PROVIDED MATERIAL:
BEGIN

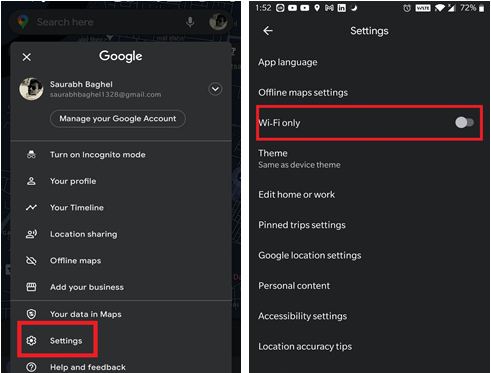 Tuttavia, l'opzione solo Wi-Fi è un ottimo modo per ridurre l'utilizzo dei dati, poiché impedisce all'app di funzionare mentre sei fuori dal suo raggio d'azione. Quando attivi questa impostazione, Google Maps raccoglierà nuovi dati finché non sarai collegato a una rete Wi-Fi. Se utilizzi i dati mobili, nulla verrà aggiornato. Per risolvere questo problema di mancato funzionamento di Google Maps sul tuo dispositivo Android, disattiva semplicemente questa opzione.
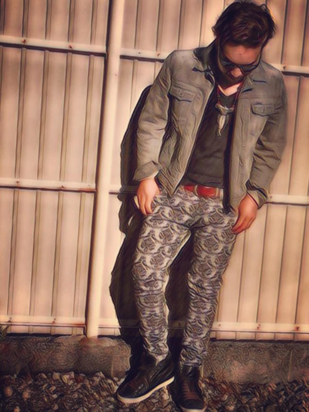 モノトーンコーデ グレーデニムジャケット×グレー柄パン×ブラックスニーカー
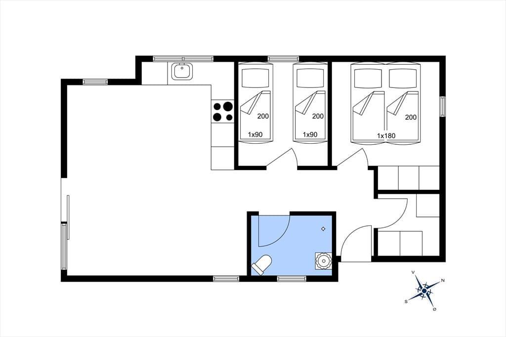 Im Inneren des Hauses betreten Sie zuerst einen Windfang, von dem aus Sie unter anderem direkt in das Badezimmer mit Dusche gelangen. Ihnen stehen ein Schlafraum mit einem Doppelbett und ein Schlafraum mit zwei Einzelbetten zur Verfügung. In einem kleineren Raum stehen außerdem eine Waschmaschine und ein Wäschetrockner für Sie bereit. Die besonders gut ausgestattete, helle Küche bildet eine harmonische, offene Einheit mit dem Wohnraum. Die Möblierung des Wohnraums ist sehr geschmackvoll und ansprechend abgestimmt. Das Urlaubsdomizil bildet somit einen gelungenen Rahmen für einen angenehmen Urlaubsaufenthalt. Dank der hohen Decken besticht das Mietobjekt zudem mit einem guten, luftigen Wohnklima.
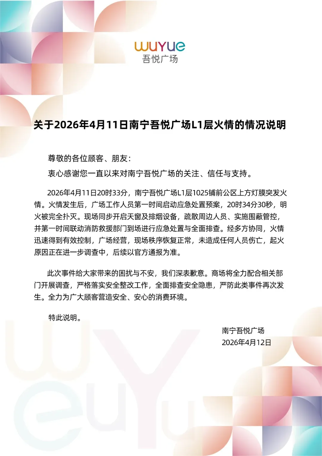 12日晚,南宁吾悦广场发布关于2026年4月11日吾悦广场L1层火情的情况说明,具体如下:
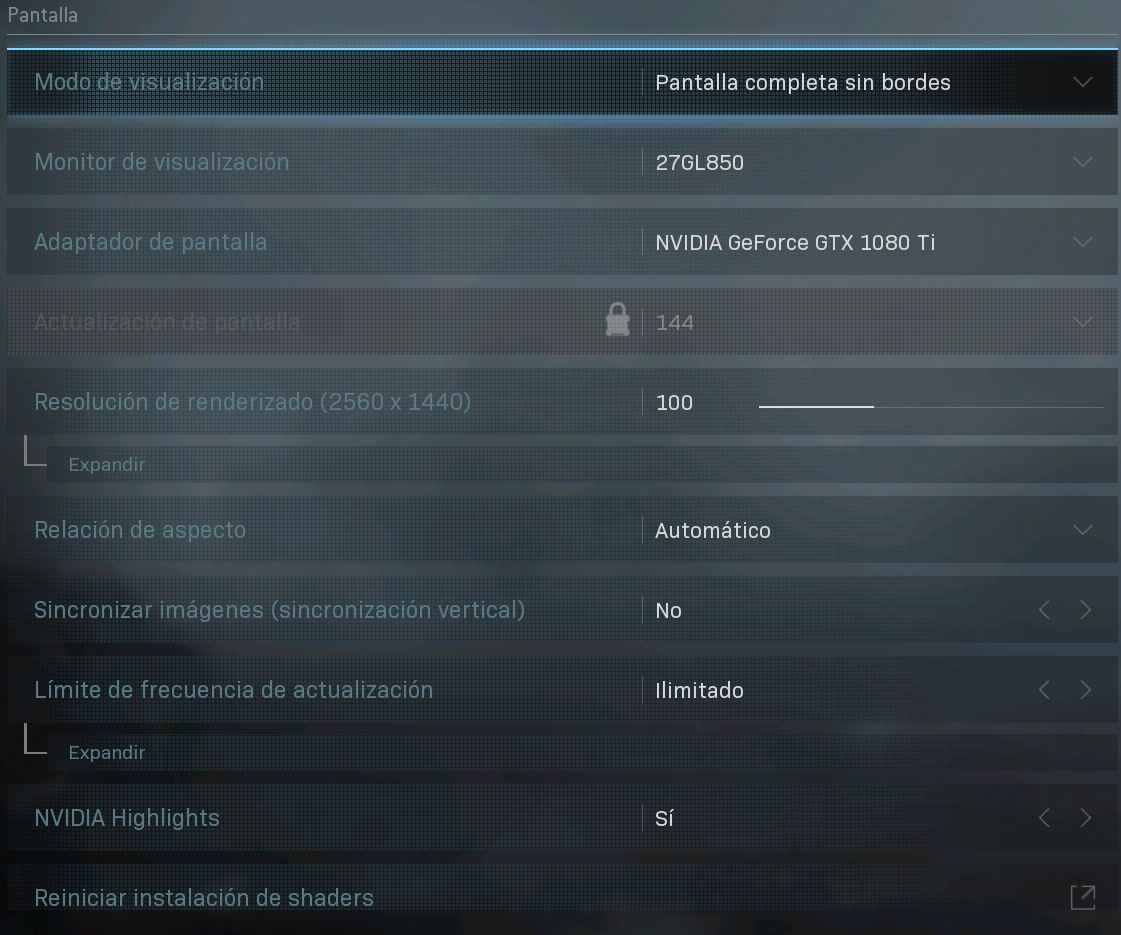 Edito: os dejo por aquí mi configuración gráfica jugando con el monitor LG 27GL850-BOpciones gráficas 1.JPGOpciones gráficas 2.JPGOpciones gráficas 3.JPG

END

WORK REQUIRED:
Write out the material exactly as it stands, omitting every picture.

ANSWER BOX:
 Tuttavia, l'opzione solo Wi-Fi è un ottimo modo per ridurre l'utilizzo dei dati, poiché impedisce all'app di funzionare mentre sei fuori dal suo raggio d'azione. Quando attivi questa impostazione, Google Maps raccoglierà nuovi dati finché non sarai collegato a una rete Wi-Fi. Se utilizzi i dati mobili, nulla verrà aggiornato. Per risolvere questo problema di mancato funzionamento di Google Maps sul tuo dispositivo Android, disattiva semplicemente questa opzione.
 モノトーンコーデ グレーデニムジャケット×グレー柄パン×ブラックスニーカー
 Im Inneren des Hauses betreten Sie zuerst einen Windfang, von dem aus Sie unter anderem direkt in das Badezimmer mit Dusche gelangen. Ihnen stehen ein Schlafraum mit einem Doppelbett und ein Schlafraum mit zwei Einzelbetten zur Verfügung. In einem kleineren Raum stehen außerdem eine Waschmaschine und ein Wäschetrockner für Sie bereit. Die besonders gut ausgestattete, helle Küche bildet eine harmonische, offene Einheit mit dem Wohnraum. Die Möblierung des Wohnraums ist sehr geschmackvoll und ansprechend abgestimmt. Das Urlaubsdomizil bildet somit einen gelungenen Rahmen für einen angenehmen Urlaubsaufenthalt. Dank der hohen Decken besticht das Mietobjekt zudem mit einem guten, luftigen Wohnklima.
 12日晚,南宁吾悦广场发布关于2026年4月11日吾悦广场L1层火情的情况说明,具体如下:
 Edito: os dejo por aquí mi configuración gráfica jugando con el monitor LG 27GL850-BOpciones gráficas 1.JPGOpciones gráficas 2.JPGOpciones gráficas 3.JPG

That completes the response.